When Jesus calls Simon blessed, we shouldn't think that he was the only one among the disciples who understood. Back in Matthew 13:10-16 Jesus says to all the disciples, "To you it has been given to know the secrets of the kingdom of heaven. Blessed are your eyes for they see, and your ears for they hear. Many prophets and righteous people longed to see what you see but did not…and longed to hear what you have heard but did not hear it."

And Jesus intimates that it is a difficult concept to teach and have the students actually learn it. "For flesh and blood has not revealed this to you, but my Father in heaven." It takes the power of the Spirit moving in one's heart…the power of experiencing the living God in your life to give one the ability to confess Jesus as Lord and Savior. But when you have it…you've got the rock hard foundation that withstands even the gates of Hades. That even the threat of death cannot change your faith, only deepen it.

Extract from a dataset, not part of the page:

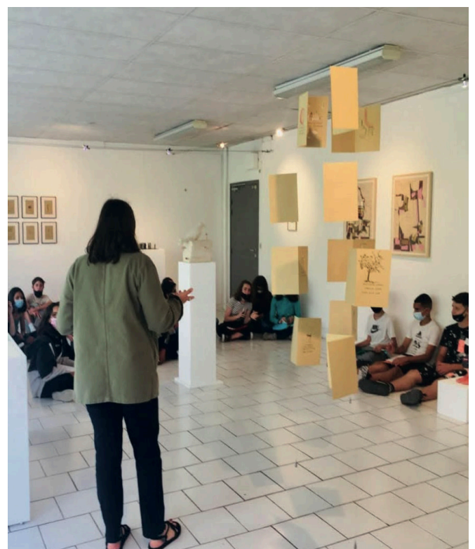
Exemple d'accrochage dans l'espace des livrets (suspension)

For a modern day example that even the kids might understand, look at the movie Hook. For those of you who haven't seen it, it's about Peter Pan, who actually left Neverland to marry Wendy's granddaughter. He is now a busy executive who barely has time for his children and he has forgotten who he really is. Hook comes and steals his kids away and Tink comes to bring Peter back. His children have heard the stories of Peter Pan but have no idea that their father is really that Peter. Finally, the man Peter regains his understanding of who he is…and when his kids see him again, the realization dawning on their faces is priceless. "My Dad's Peter Pan!?" But it changes them. It gives them the courage to stand up to the Pirates and especially Hook where before all they could do was cry, Daddy, save us!

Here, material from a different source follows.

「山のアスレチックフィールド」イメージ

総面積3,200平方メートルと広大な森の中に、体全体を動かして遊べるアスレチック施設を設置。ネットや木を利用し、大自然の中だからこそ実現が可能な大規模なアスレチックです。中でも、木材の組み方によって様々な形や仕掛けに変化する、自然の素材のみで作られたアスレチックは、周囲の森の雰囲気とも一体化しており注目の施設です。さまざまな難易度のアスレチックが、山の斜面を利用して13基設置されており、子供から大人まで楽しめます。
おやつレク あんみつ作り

This understanding of who and what Jesus really is and being willing to confess it to all the world is the very rock of the church's foundation.

We today say that Jesus gave Simon a new name. In a way this is true. There is no recorded history prior to this in either Aramaic or Greek that the word Rock was used as a name. But because Simon was willing to declare the truth about Jesus, the word stayed with him as a name…and he would be forever known by the foundational truth that he now grasped.

From then on, Simon Peter and the disciples would go around preaching and teaching and building a people that confessed Jesus as Lord - our very first creed. Even the term "binding and loosing" is a rabbinic term for authoritative teaching. In other words, who was qualified to interpret the Torah, to determine what was permitted and what was not. It was a term for those who could make the decisions for the life of the earthly community. And, so they did. The disciples through their teaching brought the rock of salvation to city and town and family.

So, what is our name? We are Saint John's. I suppose we could hearken back to either John the Baptist, or the John of the gospels and the John of Revelation on the Isle of Patmos. Do we claim our identity and our purpose and our mission from the lives of either of these two saints? Are we preparing the way for those who are lost? Are we calling the many to turn their lives around? Do we have the eternal vision planted firmly in our planning? Or do we claim our identity from the meaning of the name, God is gracious? Is it not the basic foundation of being Lutheran.